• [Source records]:
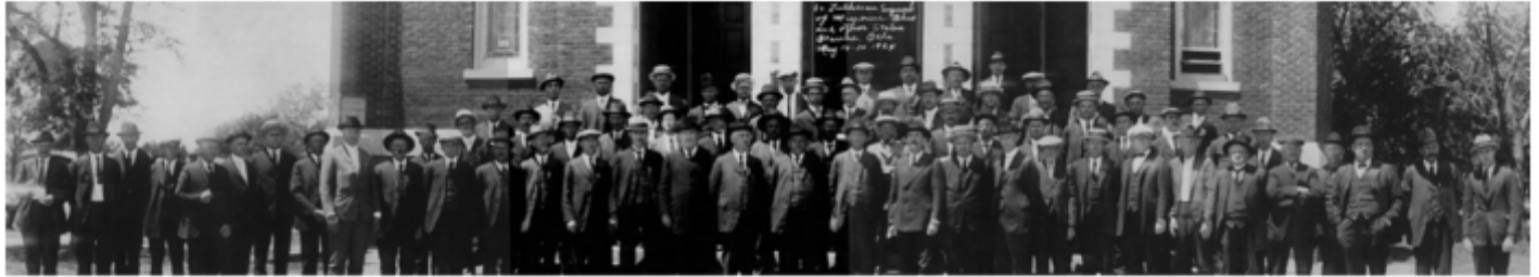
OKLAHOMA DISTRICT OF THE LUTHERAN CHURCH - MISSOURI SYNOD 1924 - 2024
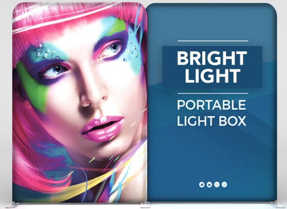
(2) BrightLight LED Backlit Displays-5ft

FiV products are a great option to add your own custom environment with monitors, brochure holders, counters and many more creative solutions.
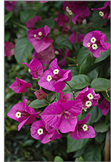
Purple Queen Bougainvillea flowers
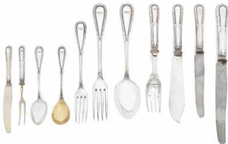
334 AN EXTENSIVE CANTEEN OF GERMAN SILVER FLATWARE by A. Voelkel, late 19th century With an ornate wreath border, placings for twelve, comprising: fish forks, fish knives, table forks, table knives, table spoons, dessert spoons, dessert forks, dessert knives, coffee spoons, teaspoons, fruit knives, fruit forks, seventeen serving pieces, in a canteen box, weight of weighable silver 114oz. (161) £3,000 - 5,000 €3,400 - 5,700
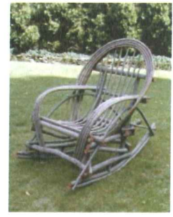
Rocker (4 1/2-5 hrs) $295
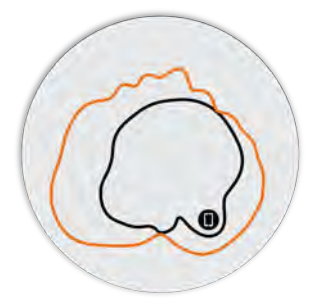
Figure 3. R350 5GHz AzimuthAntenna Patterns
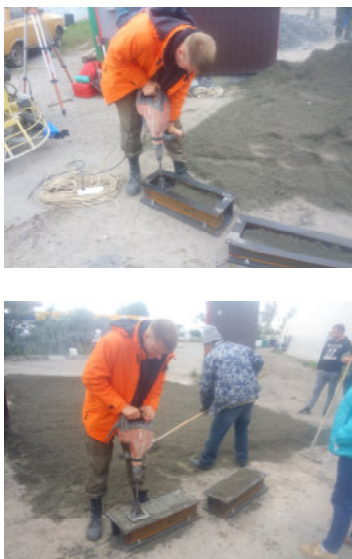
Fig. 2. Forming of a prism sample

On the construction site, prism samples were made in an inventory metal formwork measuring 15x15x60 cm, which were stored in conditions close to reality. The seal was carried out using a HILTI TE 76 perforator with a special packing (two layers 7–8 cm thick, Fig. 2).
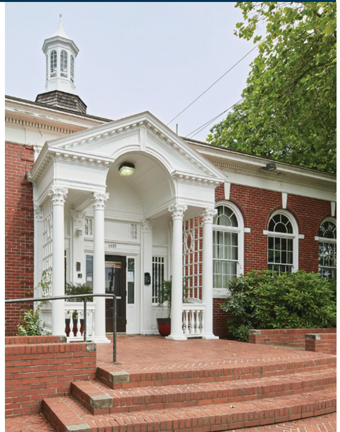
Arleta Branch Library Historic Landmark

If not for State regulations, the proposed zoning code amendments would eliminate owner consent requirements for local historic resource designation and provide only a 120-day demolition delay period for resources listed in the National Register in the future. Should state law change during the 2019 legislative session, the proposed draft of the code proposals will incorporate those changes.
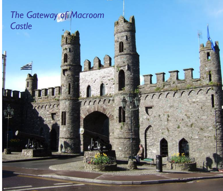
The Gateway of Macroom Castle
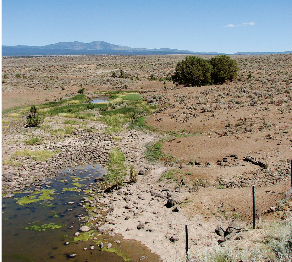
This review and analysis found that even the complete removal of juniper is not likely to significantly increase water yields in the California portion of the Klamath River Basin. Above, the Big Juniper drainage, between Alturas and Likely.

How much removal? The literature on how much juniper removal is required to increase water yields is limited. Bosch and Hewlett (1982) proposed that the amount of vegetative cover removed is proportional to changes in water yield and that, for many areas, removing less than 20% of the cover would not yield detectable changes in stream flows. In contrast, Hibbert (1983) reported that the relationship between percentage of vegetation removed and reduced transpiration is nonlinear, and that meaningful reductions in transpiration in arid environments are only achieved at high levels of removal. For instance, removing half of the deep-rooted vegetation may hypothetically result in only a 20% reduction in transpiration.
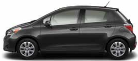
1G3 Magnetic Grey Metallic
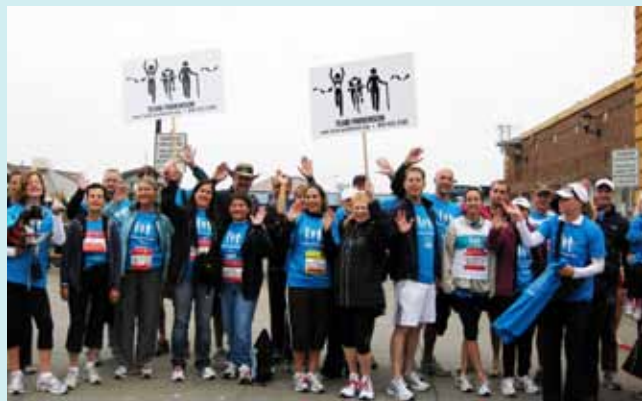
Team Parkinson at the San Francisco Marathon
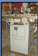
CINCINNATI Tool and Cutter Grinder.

• [THE PROBLEM]:
Write out, word for word, the lines from the first line of the entries through the one containing "Purple Queen Bougainvillea flowers", both included. Leave out the pictures.

• [WRITTEN SOLUTION]:
OKLAHOMA DISTRICT OF THE LUTHERAN CHURCH - MISSOURI SYNOD 1924 - 2024
(2) BrightLight LED Backlit Displays-5ft

FiV products are a great option to add your own custom environment with monitors, brochure holders, counters and many more creative solutions.
Purple Queen Bougainvillea flowers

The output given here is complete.